“1. Sample collection from unconventional marine environments
– Several scientific cruises planned for a near future to the hydrothermal vent sites in the vicinity of the Azores, the Lucky Strike and Menez Gwen sites, will be intend for animal and microbial samples collecting. Technology and diving gears will rely greatly on the Portuguese ROV “Luso” and the crew from the Gago Coutinho Navy vessel commissioned by the Portuguese Hydrographic Institute.
– It is planned to continuing the bio-prospection of the shallow hydrothermal waters at the D. João de Castro Bank, between the island of Terceira and São Miguel, and the vent site “Espalamaca” located off the bay of Horta and collecting various samples of microbial mats. A number of bacterial mat samples have already been collected at the bottom of hydrothermal vents or on the surface of active vent chimneys and have been preserved in ethanol to be analyzed in a near future.
2. To assess the community composition and structure of marine bacteria populations under study, by a direct molecular approach.
Several PCR primer sets are already available for the molecular detection of bacterial chitinase genes in terrestrial and aquatic ecosystems. However, there is scarce information related to specific primers for PCR amplification of chitinase gene fragments in Achaea domain. These primers shall be designed by alignment and selection of highly conserved regions of selected chitinase sequences from the GenBank database. PCR products will be analysed and related sequences will be compared with databases and identified by homology searching. To confirm identification, phylogenetic trees will then be constructed, including the most homologous and related sequences found in the databases. A chitinolytic community TGGE profiles database from hydrothermal vent sites sampled will be kept.
Screening of different proteolytic bacteria may lead to the possible identification and subsequent cloning of diverse proteinase genes that may have, for instance, enhanced chitinolytic properties.
3. Construction of metagenomic libraries using advanced technology, modern sequencing, sequence annotation and cutting-edge bioinformatics resources.
With the aim of discovering extremophile enzymes from microorganisms of three distinct marine habitats, a DNA sequence-based approach using metagenomic analyzes will be done, that it sequencing all the genomes present in microbial communities. Metagenomic studies and transcriptome analyses will be performed at the Biotech Park, Biocant, and “deep” sequencing such as the 454-sequencing or RNAseq from Ilumina technology will generate several thousands of DNA sequences that will be stored in the database created for this unique purpose. Bioinformatics resources and tools developed in an attempt to maximize the capacity to analyze these vast datasets will support advanced data acquisition, data storage, data management, data integration, data mining, data visualization and other computing and information processing services over the Internet in a so-called e-infrastructure.
The provision of dedicated web-based resources and e-infrastructures is essential for advanced research in marine ecology and biotechnology.
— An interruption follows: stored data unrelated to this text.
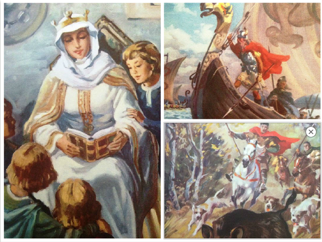 It’s always worth trying to get the oldest copies you can of the earliest books – when the colour-reproduction was most true to Kenney’s artwork. The soft blue hues of Alfred the Great, for example, give a far-away quality to the tale – and make me think of early films in colour.
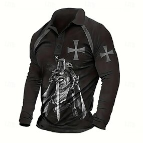 男性用 人間 ポロ 長袖 ポロシャツ ラペル ヴィンテージ カジュアル アウトドア ストリート デイリーウェア 3Dプリント ボタン 春 秋 冬 ブラック
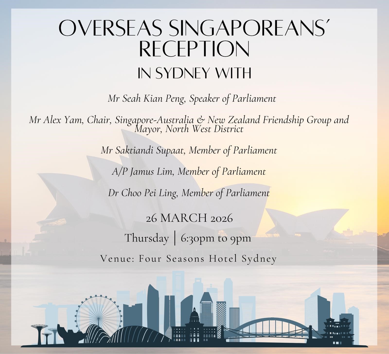 The Singapore High Commission in Canberra and the Singapore Global Network are delighted to invite you to a special Evening Reception in Sydney.
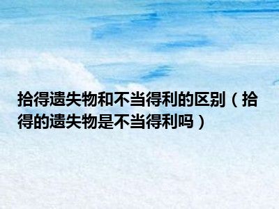 目前大家应该是对拾得的遗失物是不当得利吗比较感兴趣的,所以今天CC就来为大家整理了一些关于拾得的遗失物是不当得利吗方面的相关知识来分享给大家,希望大家会喜欢哦。

The identification of new genes of interest, most likely, genes encoding extremophile enzymes with putative biological functions may be biotechnology relevant.
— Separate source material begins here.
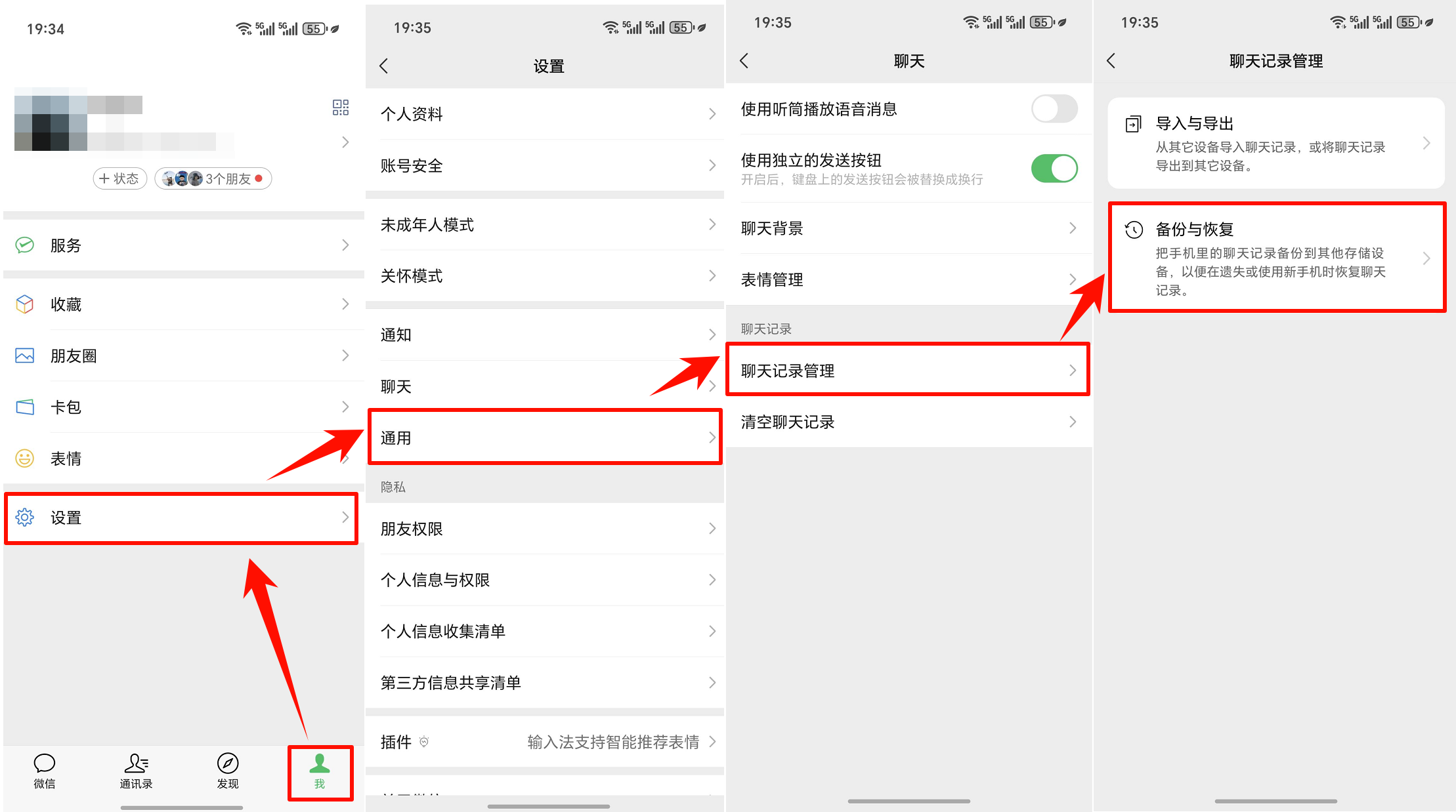 Step 1、回退微信版本之前,先要将手机微信聊天记录备份,以免造成数据丢失。微信内点击我 > 设置 > 聊天 > 聊天记录管理 > 备份与恢复,将记录备份到电脑或另一台设备
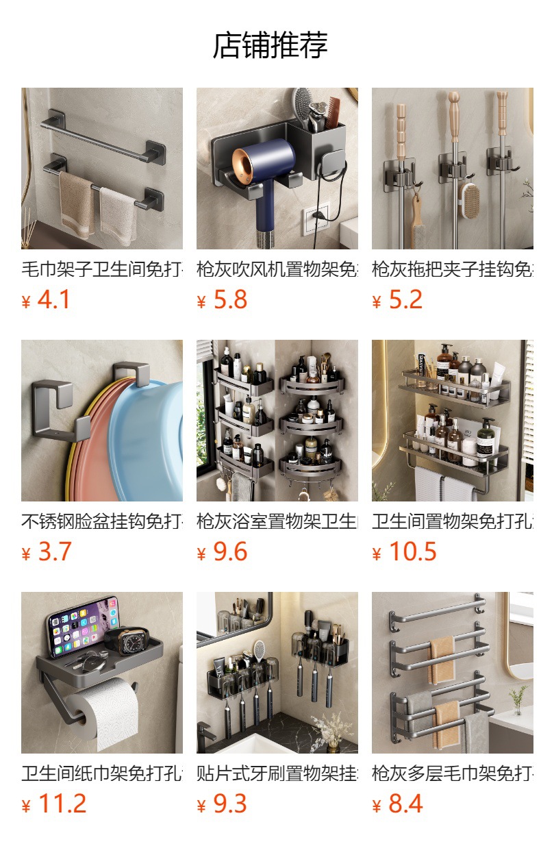枪灰牙刷置物架卫生间免打孔漱口杯牙杯壁挂式收纳架电动牙刷架子

4. Genetic engineering technologies. Promising genes will then be cloned and expressed in synthetic systems, or heterologous expression systems, to assess their biological activity in vitro systems. Synthetic enzymes should be tested for their biological activity and potential use in biotechnology. Some of the enzymes planned to be targeted have a direct implication in industry: proteases, amylases, pullulanase, glucoamylases, glucosidases, cellulases, xylanases¸ lipases, esterases. Potential new “Azorean” marine enzyme candidates are: chitinase, alpha xylanase, xylose isomerase. Candidate enzymes will be further assessed for their commercial value and patenting.
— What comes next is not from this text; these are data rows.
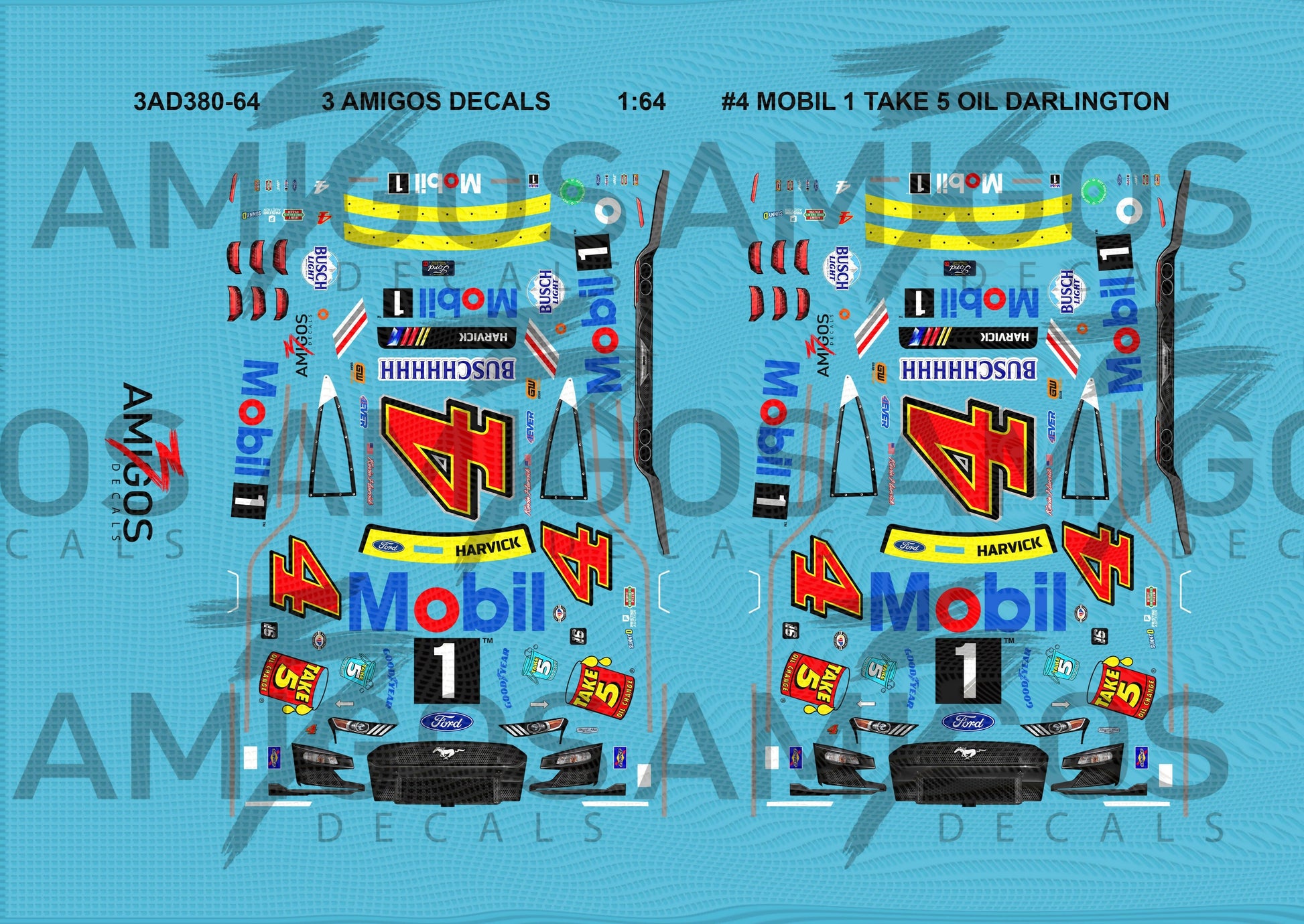 1:64 3 Amigos Decals #4 MOBIL 1 TAKE 5 OIL DARLINGTON Decal Set
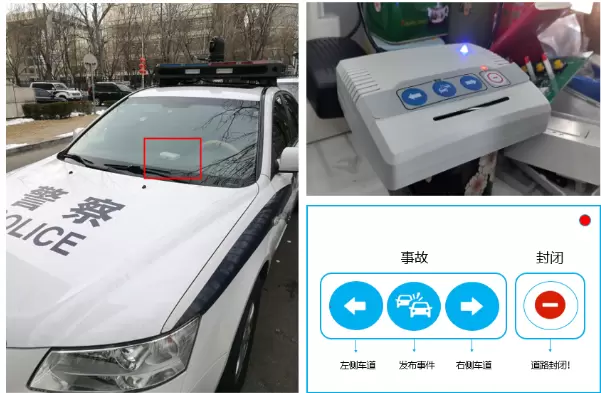 “执法一体化快速封路器”可以帮助交警在处理道路事故时快速作业。它的屏幕显示信息实时与高德地图联动,支持交警一键切换情报板内容,自动发布信息。既可在车内可视控制方便现场工作,也支持远程控制更改显示内容,适用于道路封闭、事故、施工、管制、雨、雾、冰、雪等多种场景。
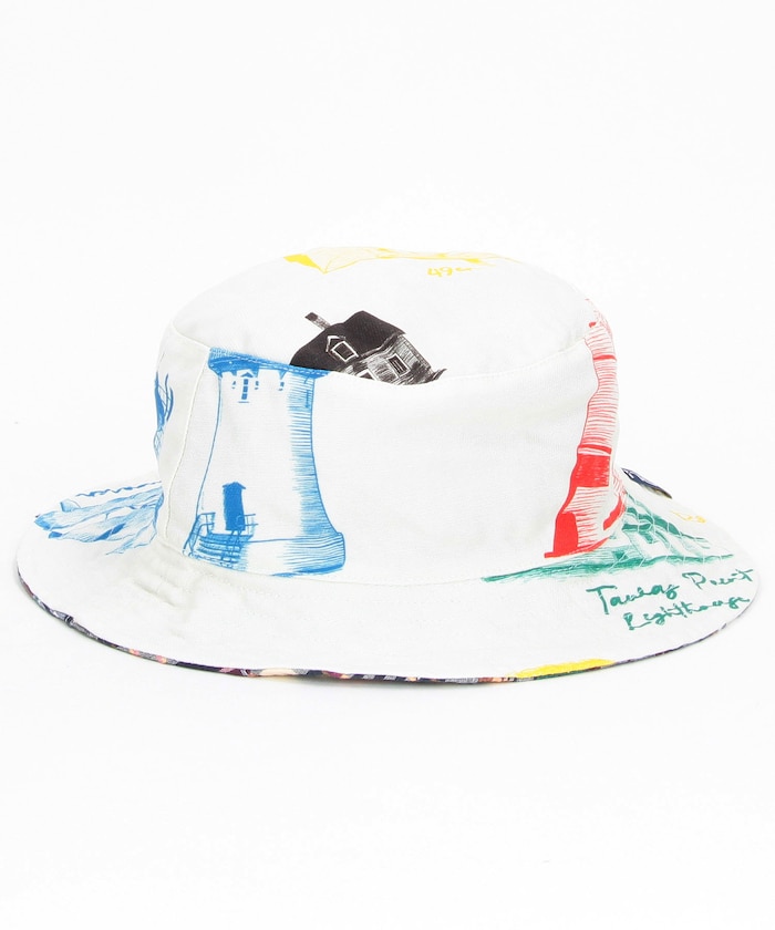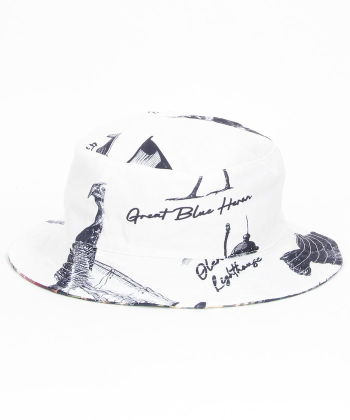●フォトグラフィック調の総柄プリントとマドラスチェック柄を施した、リバーシブルバケットハット
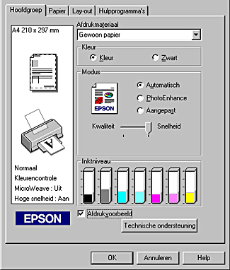 Als u een afdruktaak naar de printer stuurt, wordt het venster EPSON-afdrukvoorbeeld geopend, zodat u wijzigingen kunt aanbrengen voordat de taak wordt afgedrukt.
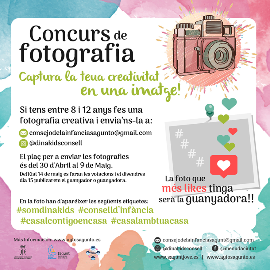Des de la Regidoria de Joventut i Infància, en la línia d'oferir oci a la ciutadania menor d'edat i amenitzar la quarantena, ha llançat un nou concurs de fotografia, en este cas, dirigit a xiquets i xiquetes d'entre 8 i 12 anys, per a fomentar la seua creativitat i combatre l'avorriment.
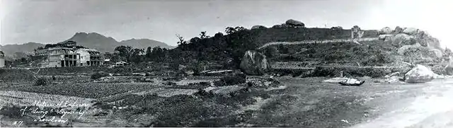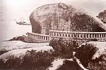 c. 1920s. The boulder bearing the three carved characters is situated on top of the hill (right); both were protected as sacred relics by a special ordinance in 1899. The gate, the steps to the inscription and the balustrade around the boulder were erected in 1915. The hill was levelled and the boulder was broken up in blasting operations to extend Kai Tak Airport.

There is a need of selection of potentially useful enzymes during the screening process. Generated bioproducts must attempt to the region’s sustainability. With its wealth of agricultural and water resources, the Azores are well-positioned to improve country’s strategic interest in clean technologies and bring substantial benefits to the region including cost-effective biotechnology products and optimal designs for remediation strategies.”